■ What is needed:
Would you please repeat all of the data exactly, omitting the pictures?

Top of Data below

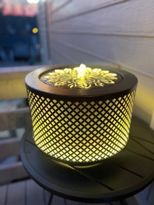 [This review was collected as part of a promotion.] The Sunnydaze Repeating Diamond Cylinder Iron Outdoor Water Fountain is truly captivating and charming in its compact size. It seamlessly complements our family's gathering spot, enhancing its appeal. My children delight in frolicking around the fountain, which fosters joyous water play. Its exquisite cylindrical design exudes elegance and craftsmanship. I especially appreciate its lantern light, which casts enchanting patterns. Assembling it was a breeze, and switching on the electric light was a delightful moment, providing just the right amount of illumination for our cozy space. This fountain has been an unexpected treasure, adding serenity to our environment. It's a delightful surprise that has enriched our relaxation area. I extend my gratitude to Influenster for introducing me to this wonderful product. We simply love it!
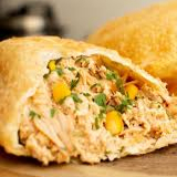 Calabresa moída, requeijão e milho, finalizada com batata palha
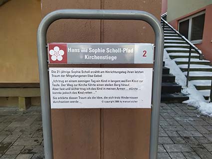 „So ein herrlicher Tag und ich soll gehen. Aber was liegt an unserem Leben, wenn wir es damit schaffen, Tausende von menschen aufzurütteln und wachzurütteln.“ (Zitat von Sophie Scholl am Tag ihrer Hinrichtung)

Bottom of Data below

■ Solved problem:
 [This review was collected as part of a promotion.] The Sunnydaze Repeating Diamond Cylinder Iron Outdoor Water Fountain is truly captivating and charming in its compact size. It seamlessly complements our family's gathering spot, enhancing its appeal. My children delight in frolicking around the fountain, which fosters joyous water play. Its exquisite cylindrical design exudes elegance and craftsmanship. I especially appreciate its lantern light, which casts enchanting patterns. Assembling it was a breeze, and switching on the electric light was a delightful moment, providing just the right amount of illumination for our cozy space. This fountain has been an unexpected treasure, adding serenity to our environment. It's a delightful surprise that has enriched our relaxation area. I extend my gratitude to Influenster for introducing me to this wonderful product. We simply love it!
 Calabresa moída, requeijão e milho, finalizada com batata palha
 „So ein herrlicher Tag und ich soll gehen. Aber was liegt an unserem Leben, wenn wir es damit schaffen, Tausende von menschen aufzurütteln und wachzurütteln.“ (Zitat von Sophie Scholl am Tag ihrer Hinrichtung)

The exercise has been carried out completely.